C. Der Konsens als Maß aller Dinge? Ist die Bioethik darum sinn- und nutzlos? Ist sie möglicherweise sogar kontraproduktiv? Wenn der Konsens das Maß aller Dinge ist, dann scheint eine positive Antwort unausweichlich zu sein. Um zu zeigen, dass dieser Schluss voreilig wäre, sind einige Überlegungen zum Begriff "Konsens" notwendig. Bisher wurde ja (implizit) unterstellt, dass erstens klar sei, was unter diesem Begriff zu verstehen ist, und dass zweitens, Konsens in jedem Fall erstrebenswert und positiv sei. Der Begriff ,,Konsens" wird naheliegenderweise als die "Übereinstimmung aller" definiert. Geht man von dieser Bestimmung aus, so dürfte es allerdings schwer fallen, überhaupt irgendeine auch nur einigermaßen komplexe Einsicht anzugeben, über die ein Konsens "aller" besteht.
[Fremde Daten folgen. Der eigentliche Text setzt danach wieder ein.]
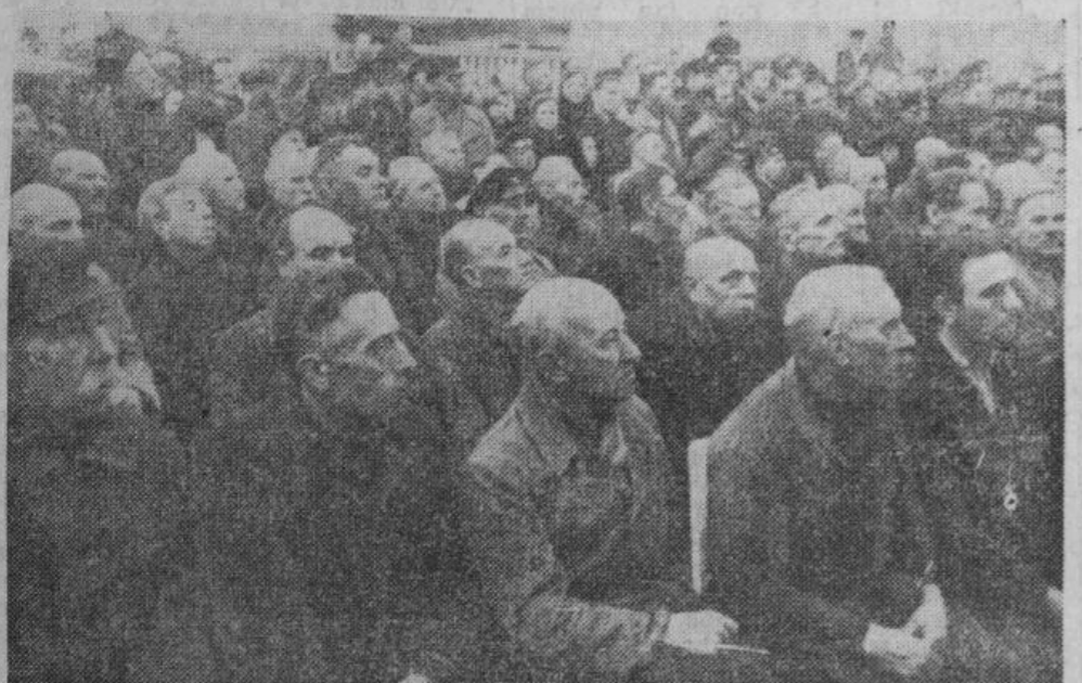
Svētku runu klausoties.

Selbst über die Grundgesetze der Physik besteht so lange keine Einigkeit, wie einige Außenseiter an der Konstruktion des Perpetuum mobile und der Widerlegung der Relativitätstheorie arbeiten. De facto verlangen wir daher meist auch keine vollständige Einigkeit aller, sondern sprechen von "Konsens" dann, wenn es in einer Frage keinen energischen öffentlichen Widerspruch relevanter Gruppen der Gesellschaft gibt. Eine solche Gleichsetzung von "Konsens" mit "Abwesenheit öffentlicher Kontroversen" ist aber keine ethische, sondern eine politische Bestimmung. Dieser Punkt ist von erheblicher Bedeutung; er leitet unmittelbar über zu der zweiten angekündigten Überlegung. 3 Schopenhauer

(1840), S. 464.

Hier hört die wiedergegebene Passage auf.